**Your instructions:** Which lines below contain the word "video"? Copy each one.

**Recorded information:**
----------------

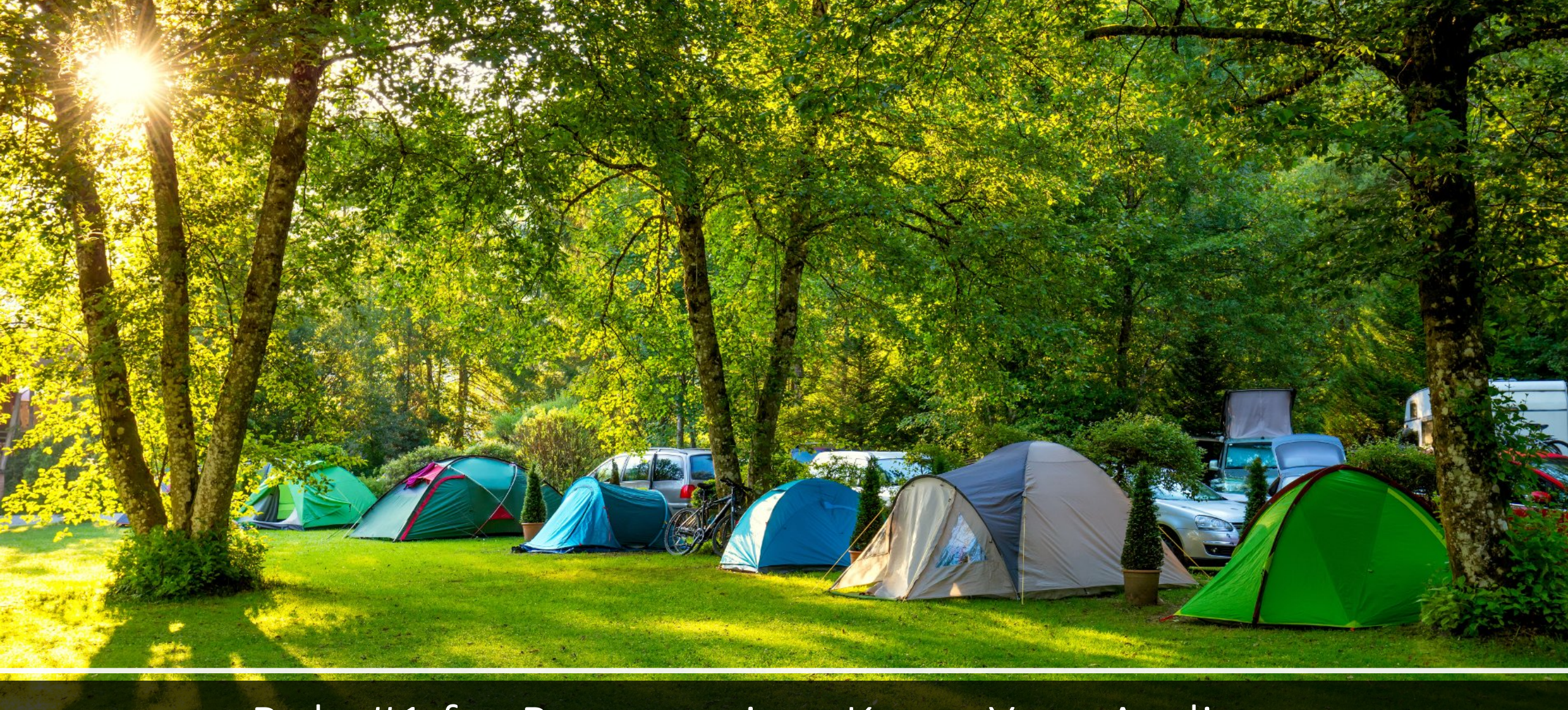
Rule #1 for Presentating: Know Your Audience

----------------

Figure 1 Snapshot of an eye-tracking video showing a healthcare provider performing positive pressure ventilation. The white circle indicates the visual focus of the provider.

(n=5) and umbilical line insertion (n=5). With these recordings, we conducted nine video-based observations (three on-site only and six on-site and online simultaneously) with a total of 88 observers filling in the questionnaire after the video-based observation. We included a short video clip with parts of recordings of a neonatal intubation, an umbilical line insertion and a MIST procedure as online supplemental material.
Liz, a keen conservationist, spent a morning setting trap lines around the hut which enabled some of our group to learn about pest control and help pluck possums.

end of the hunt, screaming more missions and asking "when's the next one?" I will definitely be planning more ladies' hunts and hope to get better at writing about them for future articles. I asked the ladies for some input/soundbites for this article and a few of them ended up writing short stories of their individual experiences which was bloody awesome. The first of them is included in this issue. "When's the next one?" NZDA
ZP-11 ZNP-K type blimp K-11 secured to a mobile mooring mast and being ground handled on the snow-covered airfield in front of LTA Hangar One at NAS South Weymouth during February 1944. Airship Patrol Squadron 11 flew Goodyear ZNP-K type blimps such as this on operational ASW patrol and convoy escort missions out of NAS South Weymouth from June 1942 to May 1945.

----------------

**Problem solution:**
Figure 1 Snapshot of an eye-tracking video showing a healthcare provider performing positive pressure ventilation. The white circle indicates the visual focus of the provider.
(n=5) and umbilical line insertion (n=5). With these recordings, we conducted nine video-based observations (three on-site only and six on-site and online simultaneously) with a total of 88 observers filling in the questionnaire after the video-based observation. We included a short video clip with parts of recordings of a neonatal intubation, an umbilical line insertion and a MIST procedure as online supplemental material.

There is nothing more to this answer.